En se concentrant exclusivement sur la baisse des livraisons et en la présentant comme un changement naturel du marché, le bloc chinois évite de discuter de la restructuration plus large de Volkswagen et des suppressions d'emplois, détournant ainsi la responsabilité des conditions du marché chinois.
Le bloc chinois omet toute mention du plan de restructuration de Volkswagen, y compris la réduction de moitié des modèles et les suppressions d'emplois potentielles, se concentrant uniquement sur la baisse des livraisons sans contexte de la crise plus large.

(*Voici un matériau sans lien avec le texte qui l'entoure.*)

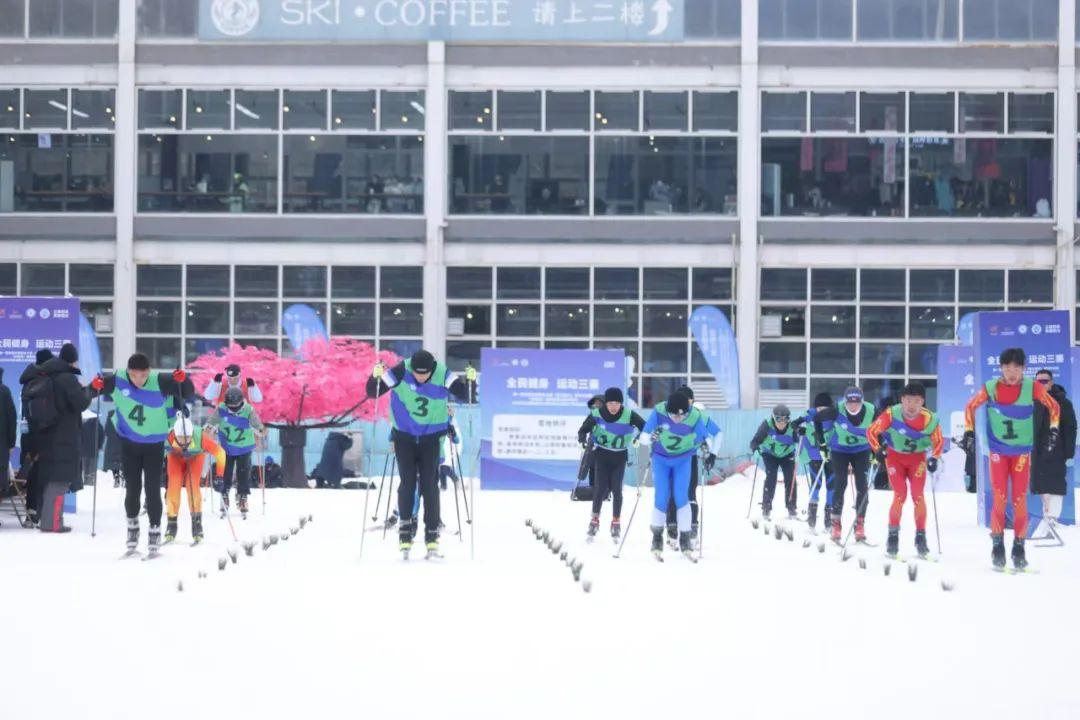男女团体4×500米接力比赛,就是男女4×5公里冬奥项目在全民健身比赛中的十分之一缩略版,距离虽然大幅压缩,但比赛强度和分压的激烈程度更强烈。在男子组比赛中,新疆代表队以8分33秒83的优异成绩率先过线,甘肃代表队紧随其后,以9分51秒89的成绩取得第二,陕西一队则以12分09秒33的成绩获得第三名。

Volkswagen est en pleine restructuration, réduisant ses modèles et potentiellement 120 000 emplois, face à une concurrence intense et des pressions sur les coûts. Le conseil délibère sur un plan visant à rationaliser les opérations et à réduire la complexité.
En présentant la crise comme un défi interne d'entreprise nécessitant des décisions difficiles, le bloc européen normalise la restructuration comme une mesure commerciale nécessaire, mettant l'accent sur la réduction des coûts et l'efficacité plutôt que sur les facteurs externes.
Le bloc européen omet le lien causal direct avec l'effondrement du marché chinois, présentant plutôt la restructuration comme une mesure interne nécessaire de réduction des coûts sans attribuer de blâme.
Les problèmes de Volkswagen ont été créés en Chine. Pendant des décennies, le marché chinois a fourni la moitié des bénéfices de VW, mais maintenant l'effondrement de la demande a forcé l'entreprise à réduire de moitié ses modèles. La dépendance du géant allemand envers la Chine est son talon d'Achille.
En traçant la cause profonde de la crise de VW au déclin du marché chinois, le bloc latino-américain externalise la faute et présente la restructuration comme une conséquence de forces de marché externes, absolvant VW de ses erreurs stratégiques.
Le bloc latino-américain omet les erreurs stratégiques de Volkswagen et la concurrence mondiale plus large, attribuant la crise presque entièrement au déclin du marché chinois.
Volkswagen prévoit de réduire jusqu'à 50% de sa gamme de modèles d'ici 2030 dans le cadre d'une restructuration majeure visant à améliorer l'efficacité et la compétitivité. L'entreprise rationalise son portefeuille pour s'adapter au paysage automobile en évolution.
En présentant la réduction des modèles comme un plan stratégique tourné vers l'avenir, le bloc d'Asie du Sud-Est dépolitise la crise et la présente comme une décision commerciale proactive plutôt qu'une mesure réactive à un effondrement.
Le bloc d'Asie du Sud-Est omet la baisse immédiate des livraisons et le contexte du marché chinois, présentant la réduction des modèles comme une stratégie d'efficacité proactive plutôt qu'une réponse à la crise.